Maybe time to stay. If he was ever going to stay, it had to be now.





His dad had always hired someone to come in and cook and clean. They never stayed long. Elliot had learned to stay out of their way, after he heard one on the phone, complaining about needy brats who gave her the creeps.

When he got home for the last summer, though, Elliot found a woman called Gemma who seemed pleased to have company. He supposed he wasn’t a potential burden anymore.

“Are you going inter-railing round Europe with those kids down the road?” she asked. “Wait, no, silly me, of course not. They’re going today, aren’t they?”



“Is it that time already?” Elliot asked, and checked his watch. “Would you excuse me for one moment?”

He dashed up the steps from the kitchen into the hall, where he found his father walking in the door, briefcase in hand.

“Would you like to get rid of me all summer?” Elliot demanded. “Then give me some money now.”

His father looked at him, then fished inside his suit jacket for his wallet.

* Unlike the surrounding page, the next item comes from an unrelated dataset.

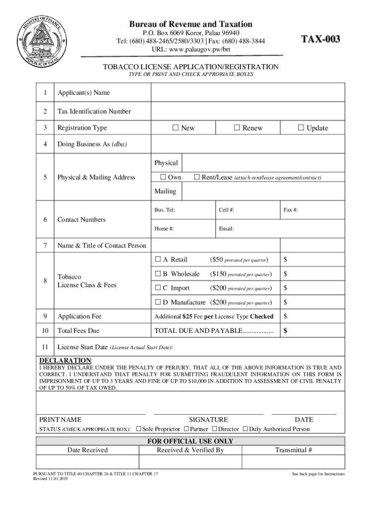 Bureau of Revenue and Taxation P.O. Box 6069 Color, Paley 96940 Tel: (680) 4882465/2580/3303 Fax: (680) 4883844 URL: www.palaugov.pw/brtTAX003TOBACCO LICENSE APPLICATION/REGISTRATION TYPE OR PRINT

So it was that when Tom and Susan Whatevertheirsurnamewas, who had occasionally been set up on awkward you-live-on-the-same-road playdates with Elliot between the ages of five and twelve, arrived at the platform for the train for London, Elliot was waiting for them.

“Great news!” Elliot declared. He looked them over: Tom’s glasses didn’t suit him, Susan’s hairband matched her shirt, and he felt he was caught up on them. “My dad says I can come inter-railing with you.”

“But we didn’t—” began Tom.

“But we haven’t seen you in y—” began Susan.

Elliot fixed them with a brilliant expectant gaze. He’d found that usually burned away all but the words people were absolutely certain they wanted to say.

Tom and Susan sagged, clearly not having enough conviction to follow through.

Elliot beamed. “We’re going to have so much fun, guys.”





V





Elliot, Age Seventeen





Inter-railing was fun: they soon formed a group of people the same age as they were, the group losing and finding new members at every train station but with a few people there for the long haul. Tom and Susan were still wary of Elliot on account of thinking he was pure mental, but herd mentality kicked in: they did not want to be left out. Elliot’s favorite member of the group, though, was a Greek girl called Pinelopi who was traveling on her own because she loved adventure.